By Brittany Laursen
Strong and resilient, the dandelion has quickly become the symbol of the military child. Just like the perennial flower, military children are able to bloom and thrive anywhere in the world they are planted. During April, the official Month of the Military Child, dandelions are displayed to celebrate and honor these kids.
To celebrate these special members of the military community, USO Baumholder, in Germany, hosted a “Month of the Military Child”-themed storytime event. Military kids gathered in the family room with toys and bean bag chairs to listen USO Center Manager Adriana Fink read “I’m a Dandelion: A PCS Story for Military Children” by Brooke Mahaffey. Parents and kids followed the journey of young Lucy and Jack as they discovered their family would be moving and how much they have in common with a dandelion flower. After the story, kids donned aprons and dipped their fingers into pastel pinks and blues to create their own colorful flowers to take home.
USO Centers around the world like USO Baumholder host events throughout the year that are targeted toward bringing military families closer together.
“I love hosting big programs and we love tying in observance months into everything we do,” said Adriana. “We have used this book to tie in the month to the kids that come here, so that they can consume and process it. We really want to do it big for our kids because they deserve it.”
As a military spouse and mother herself, Adriana understands firsthand what a challenging and exciting life military brats lead.
“I love watching my kids’ identities weave through all the places we’ve lived.
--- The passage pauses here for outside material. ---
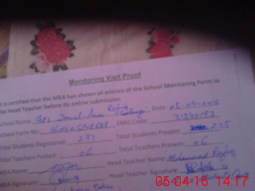 | Certified that this School was Inspected by the Undersigned MEA/DMO Today and the Information Stated Above is as Per Record. | |||||

They’re such worldly, awesome kids — it’s not a detriment to them. I love taking this time to reflect on all the ways they’ve been challenged.”
Being stationed in a foreign country, away from friends and family, can be difficult. That time becomes even more stressful for children and stay-at-home parents when their service member leaves for work or deploy even further from home. Enter in USO Centers — welcoming spaces that are full of cheerful USO staff and volunteers, games, snacks and fun programs for the whole family. USO Centers regularly host interactive crafts, game nights, cooking classes and much more. Programs like Storytime allow parents and kids the chance to connect with other families who have had similar experiences.
As she tied a bright red apron around her daughter’s neck, Roxanne Gregory noted: “We love coming to events. It’s hard being a stay-at-home mom, but coming to the USO is a great way to get out of the house. It’s like a getaway.”
Originally from San Diego, Roxanne and her family are living overseas for the first time and enjoy meeting and interacting with other military families.
“We come to the USO every week — Storytime is our favorite activity.” Seeing the joy in her daughters’ faces as they paint made every adult in the room smile. It’s evident all the kids in the room felt light and happy as they explored and played together.
“Military children go through a lot of unique challenges that most children don’t go through,” said military spouse and mother Jessica McLaughlin. “We move around a lot. They have to leave their friends and everything they know to move across the world … which presents a different set of challenges.”
The USO has become a familiar touchpoint for thousands of military families around the world. With more than 250 USO locations worldwide, families can rest assured there is almost always a USO Center nearby with a calendar full of fun and engaging events.
“We come multiple times a week,” said Jessica. “The family room is on point and the free snacks and coffee make our day. From the first day we got here to Germany, we actually walked from where we live just to come hang out.”
“My kids love it here. We can visit our friends or just close the door and play for a while,” Jessica added. “If I ask my kids where they want to go, they will always say the USO.”
For military families stationed in Germany and all other corners of the world, the only consistent thing about military life is the lack of consistency. Change is constant, and military kids in particular must deal with unique challenges that their civilian counterparts will never experience. From the absence of a parent, to moving between schools multiple times a year, to losing friends and never quite having a sense of stability, military brat life can be rewarding, but it can also be hard.
That is why it is crucial to support all members of the military community – including our nation’s military children – and ensure that at the USO, they always have a space they can rely on and feels like home, no matter where their parent’s service takes them.